Each of the \(\mathcal {O}(n^2)\) entries now requires \(\mathcal {O}(n N)\) operations. Although we have achieved a reduction of the effort by a factor of n, the effort still exceeds the out goal of cubic time complexity.

A further improvement can be obtained by observing that parts of the sums required to compute \(Y_{s}^{5'}\) for a given l can be re-used when \(Y_{s}^{5'}\) is computed for \(l-1\) because consecutive entries differ only by a single extra value of j. To make use of this observation we need to replace \(Y_{s}^{5'}\) by \(Y_{s,l}^{5'}\), i.e., an array of size \(\mathcal {O}(nN)\) that retains the \(Y_{s}^{5'}\) as l changes, together with an additional auxiliary array of the same size:

$$\begin{aligned} Y_{s,l}^{5'}= & {} \xi _{l} \bigg ( Y_{s,l+1}^{5''} + \sum _{j > l + 1} Q_{l+1,j-1} \cdot Y_{s,j}^{5''}\bigg )\end{aligned}$$
(10)
$$\begin{aligned} Y_{s,j}^{5''}= & {} \xi _{j-1} \bigg ( \widehat{Q}_{\omega (s),j} + \sum _{i < \omega (s)} \xi _{i} \widehat{Q}_{i,j} \cdot Q_{i+1,\omega (s)}\bigg ) \,. \end{aligned}$$
(11)

Since \(Y_{s,j}^{5''}\) is independent of l and k we can now re-use the stored contributions for every pair (kl). Proper care has to be taken to properly interleave the computations of \(Y_{s,j}^{5''}\) with the part of the computation that loops over variable l because \(\widehat{Q}_{i,j}\) only become available for \(l < j\). This does not affect the effort required to pre-fill the array \(Y_{s,j}^{5''}\), which is still \(\mathcal {O}(n^2N)\). Hence, the time complexity for the evaluation of one entry of \(\ddot{Q}_{k,l}^{5'}\) reduces to \(\mathcal {O}(n)\). The overall time complexity to compute (9) thus becomes \(\mathcal {O}(n^2 N)\) time and \(\mathcal {O}(n N)\) space.

Let us now turn the second case, a nick located \(3'\) of base pair (kl). Conceptually, we can use the same re-arrangement and pre-computation as for 5’ nicks; the details differ, however. We start by observing that fixing the value of the index k affects the possible choices of i only. The contributions to the left of the nick, however, do not contain a re-usable factor independent of k because the (i) recursion the involves the full contribution of \(Q_{i+1,k-1}\) and (ii) the strand-changes we need to consider only depend on the current value of l.

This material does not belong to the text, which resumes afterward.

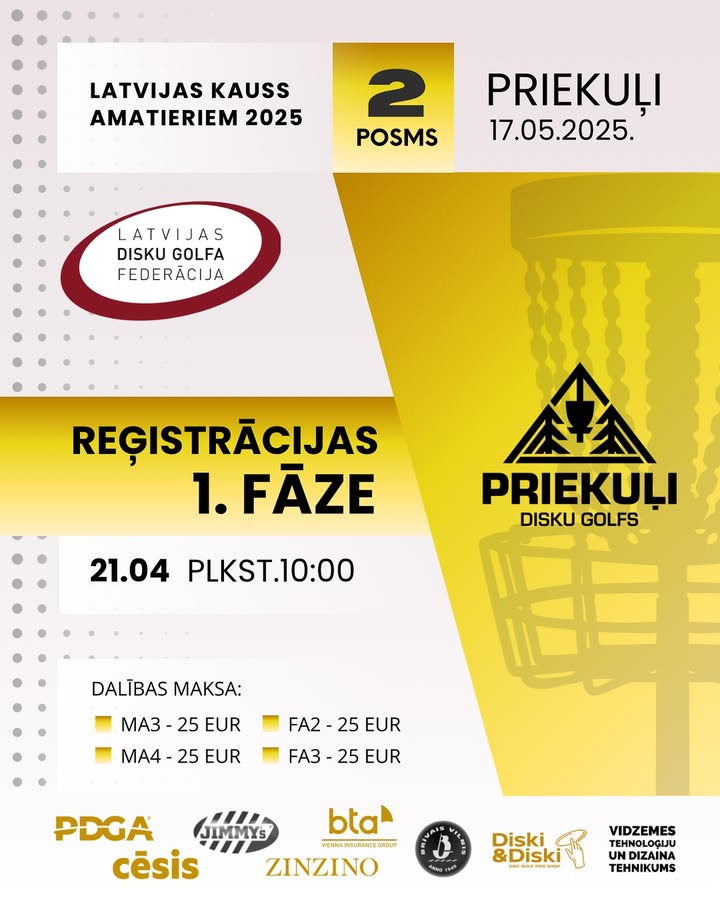 👉🏻Rītdien, 21.04., plkst. 10:00 atveras reģistrācijas 1. fāze uz LATVIJAS KAUSU AMATIERIEM DISKU GOLFĀ 2.posmu PRIEKUĻOS!

Instead, there are contributions on the right hand side that can be pre-computed. Define the auxiliary array

$$\begin{aligned} Y_{s,i}^{3'} = \xi _{i}\bigg (\widehat{Q}_{i,\alpha (s)} + \sum _{j > \alpha (s)} \xi _{j-1}\widehat{Q}_{i,j} Q_{\alpha (s),j-1} \bigg ) \end{aligned}$$
(12)

of size \(\mathcal {O}(n N)\). We observe that \(Y_{s,i}^{3'}\) is independent of both k and l and thus they can be pre-computed and then re-used for any pair (kl). Substituting Eq. (12) into Eq. (6) yields

$$\begin{aligned} \ddot{Q}_{k,l}^{3'} = \xi _{k-1}\sum _{i<k} \xi _{i} Q_{i+1,k-1} \bigg ( \bar{\xi }_{l} Y_{\sigma (l+1),i}^{3'} + \xi _{l} \sum _{s \mid \alpha (s) > l} Q_{l+1,\alpha (s)-1} Y_{s,i}^{3'} \bigg ) \,. \end{aligned}$$
(13)

The \(\mathcal {O}(n^2)\) values of \(\ddot{Q}_{k,l}^{3'}\) therefore can be evaluated in total time \(\mathcal {O}(n^3 N)\) the expense of storing the nN auxiliary values \(Y_{s,i}^{3'}\). This does not meet our goal of cubic time complexity, however. A further reduction can be achieved by observing that the order of summation in Eq. (13) can be changed to make the inner sum independent of l. This suggests to introduce the auxiliary array

$$\begin{aligned} Y_{s,k}^{3''} = \xi _{k-1} \sum _{i < k} \xi _{i} Q_{i+1,k-1} Y_{s,i}^{3'} \end{aligned}$$
(14)

of size \(\mathcal {O}(nN)\). Figure 2 gives a graphical representation of the class of structures contributing to \(Y_{s,k}^{3''}\). The array can be computed from all positions k all strands s in \(\mathcal {O}(n^2N)\) time. Substituting the auxiliary terms Eq. (14) into Eq. (6) yields a recursion similar to Eq. (9):

$$\begin{aligned} \ddot{Q}_{k,l}^{3'} = \bar{\xi }_{l} Y_{\sigma (l+1),k}^{3''} + \xi _{l} \sum _{s \mid \alpha (s) > l+1} Q_{l+1,\alpha (s)-1} Y_{s,k}^{3''}. \end{aligned}$$
(15)

Assuming that the \(\mathcal {O}(n N)\) values of \(Y_{s,k}^{3''}\) are stored, it can be evaluated in \(\mathcal {O}(n^2N)\) total time. As for the 5’ nicks, proper interleaving into the recursion is necessary because \(Y_{s,i}^{3'}\) depends on \(\widehat{Q}_{i,j}\). To this end, we fill \(Y_{\sigma (l+1),i}^{3'}\) for all i if \(\xi _{l} = 1\) and subsequently re-compute \(Y_{s,k}^{3''}\).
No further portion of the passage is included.